PAUL R. HALES, ATTORNEY AT LAW, LLC
                                                                                                                                                                                           
Tel: 314-534-3534
Fax: 314-534-0444
personal injury lawyer 
 
about the HIPAA
Security Rule 

Paul R. Hales

Attorney at Law

3534 Washington Ave.

St. Louis, MO 63103

TEL: 314-534-3534

 

HIPAA Security Rule 

The Security Rule – Electronic Protected Health Information (EPHI)

  

The Security Rule establishes Standards for the protection of Electronic Protected Health Information (EPHI). Covered Entities and Business Associates must comply with the Security Rule and are directly for civil and criminal penalties for violations.

   

Download the Security Rule Primer. It is written in plain language, organized with a Table of Contents and clarifies Security Rule compliance for Covered Entities and Business Associates. 
All material in the Security Rule Primer is from The HIPAA E-Tool®
 used by permission of ET&C Group LLC. Footnotes with exact legal references are provided for compliance officials and legal counsel.

 

EPHI

EPHI is Protected Health Information (PHI) created or received by a Covered Entity and transmitted by Electronic Media or maintained in Electronic Media.

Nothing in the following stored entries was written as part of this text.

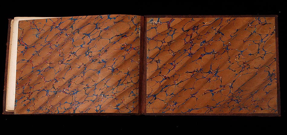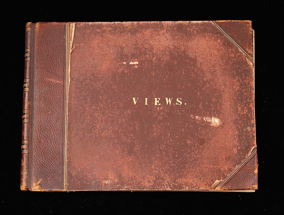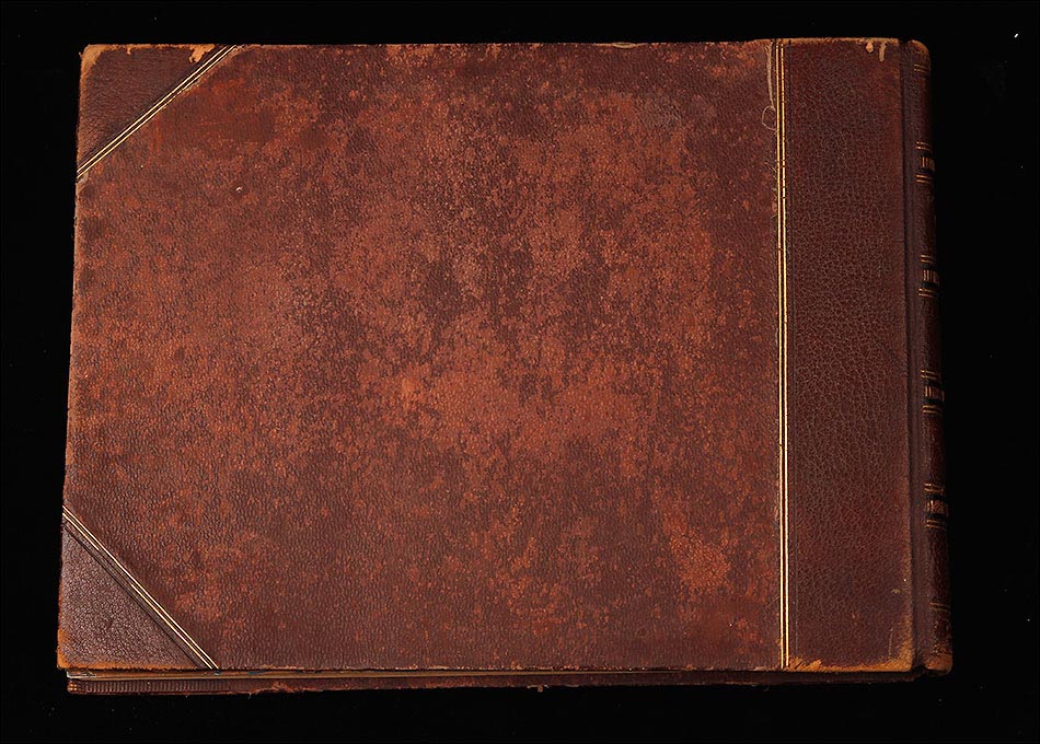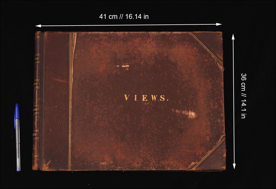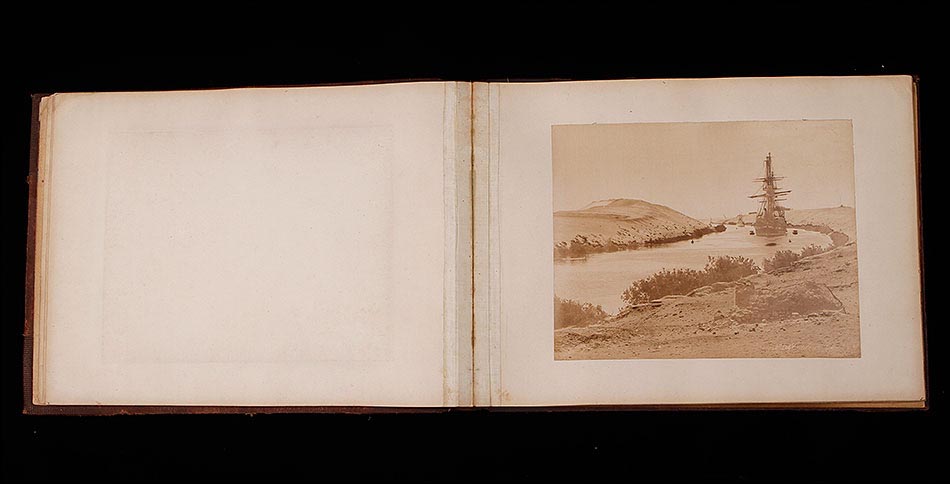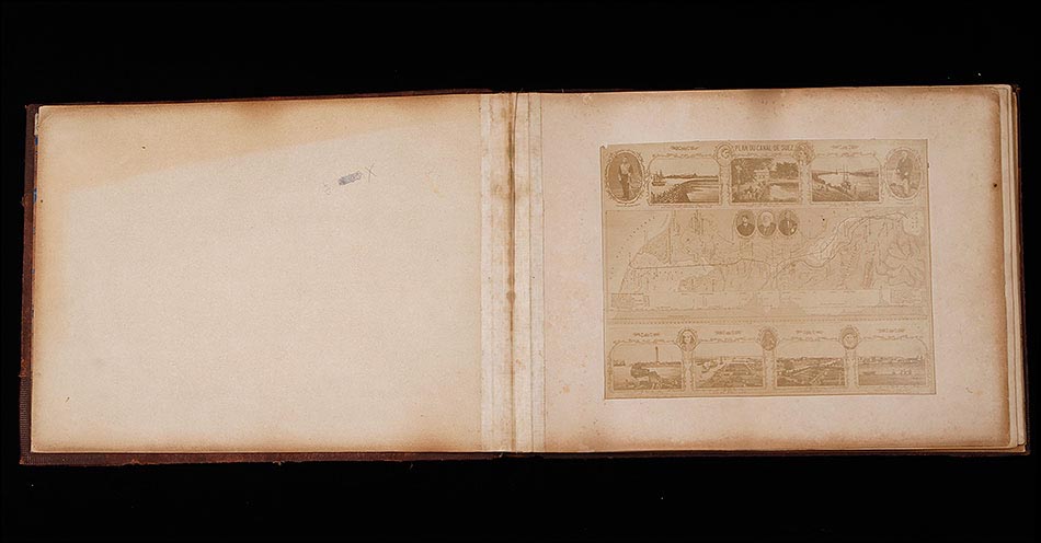 El álbum conserva su encuadernación original en piel marrón con lomo y esquinas reforzadas, todo en muy buen estado pese al paso de más de 130 años. En la portada, la palabra "VIEWS" en letras doradas anuncia el contenido: una ventana abierta al Egipto de finales del siglo XIX. En el interior, el papel de aguas que reviste las guardas añade un toque de refinada elegancia, típico de las ediciones de lujo de la época. Cada fotografía mide 27 x 22 cm y está montada sobre hojas rígidas. Además de las imágenes principales, se incluye un montaje con un grabado del Canal de Suez y representaciones geográficas de la zona.
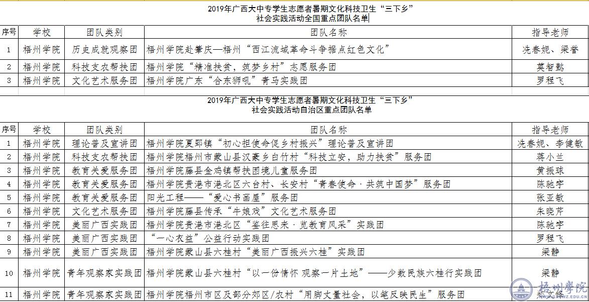 近日,自治区党委宣传部、自治区精神文明办、自治区教育厅、团区委、自治区学联联合发布《关于公布2019年广西大中专学生志愿者暑期文化科技卫生“三下乡”社会实践活动重点团队名单的通知》,公布了今年暑假社会实践活动重点团队名单。我校共有14个团队入选2019年广西大中专学生志愿者暑期文化科技卫生“三下乡”社会实践活动全国、自治区重点团队名单,其中,梧州学院广东“合东狮吼”青马实践团等3个团队入选全国重点团队;梧州学院夏郢镇“初心担使命促乡村振兴”理论普及宣讲团等11个团队入选自治区重点团队。
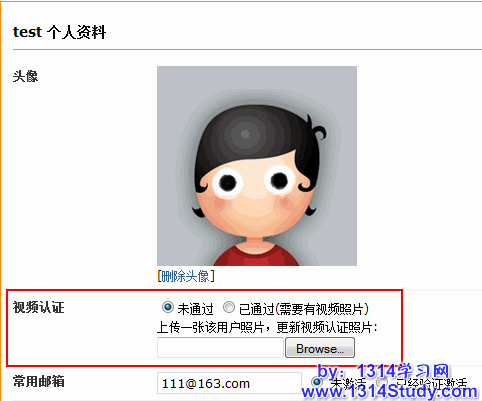 点击某个用户的“管理”,在“个人资料”一栏可以看到视频认证通过设置:
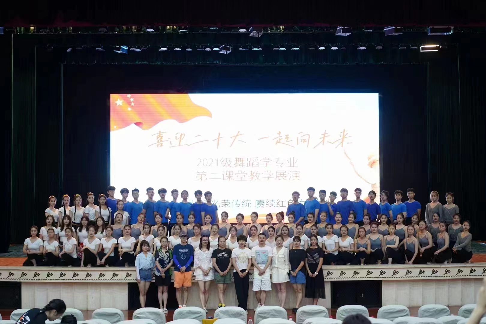 2021级指导教师周思思老师和郭琳老师将2021级舞蹈学三个班,以自然班为单位,自由分组,每组6-8人小集体,以自编舞蹈基本功(软开度、跳、转、翻)组合为主要内容进行展示,舞种不限,时间不得少于3分钟,最终筛选出18个作品,以“喜迎二十大,一起向未来”为汇报主题进行展示。
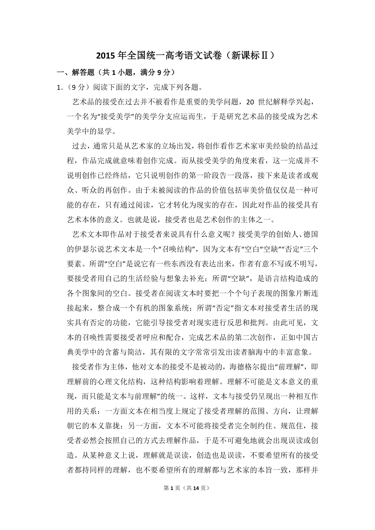 一、-2015年全国统一高考语文试卷(新课标ⅱ)(原卷版)

By definition, all EPHI is PHI.

 

The Privacy Rule Establishes Standards for EPHI 

The Privacy Rule establishes Standards for Uses and Disclosures of all PHI including EPHI that Covered Entities and Business Associates are permitted and required to make and Standards for the rights of Individuals regarding their own PHI including EPHI. The Privacy Rule also requires a Covered Entity to have appropriate Administrative, Technical and Physical Safeguards in place to protect the Privacy of all PHI. Although the Privacy Rule was published first, HHS prepared the final Security Rule to ensure its Safeguards work “hand in glove” with Privacy Rule requirements for Administrative, Technical, and Physical Safeguards.

 

Security Rule Overview

The Security Rule requires Covered Entities and Business Associates to protect against uses and disclosures of EPHI that are not permitted or required by the Privacy Rule. To do that they must implement Security Measures consisting of appropriate Administrative, Physical and Technical Safeguards to ensure the Confidentiality, Integrity, and Security of EPHI they create, receive, maintain or transmit. Accordingly, Security Rule Safeguards protecting EPHI count as Administrative, Technical and Physical Safeguards to protect the Privacy of PHI required by the Privacy Rule. Covered Entities and Business Associates must protect against reasonably anticipated threats to the security or integrity of EPHI and ensure compliance with the Security Rule by their Workforce.

  

Security Rule Safeguards

Security Rule Safeguards focus on Risks that threaten EPHI – PHI maintained and transmitted Electronically. The importance of implementing those Safeguards cannot be overstated. Since the Security Rule became effective in 2005 the amount of EPHI transmitted by Electronic Media and maintained in Electronic Media with assistance from Federal financial incentives has grown dramatically. However, Breaches of Unsecured EPHI that could have been prevented by Security Rule compliance are routinely reported. Criminal attacks targeting EPHI are an urgent, persistent threat. EPHI Cyber crime includes Medical Identity Theft and extortion including Ransomware attacks.

BREACH PREVENTION TIP

The HIPAA Security Rule provides a Blueprint to prevent Cyber-Crime.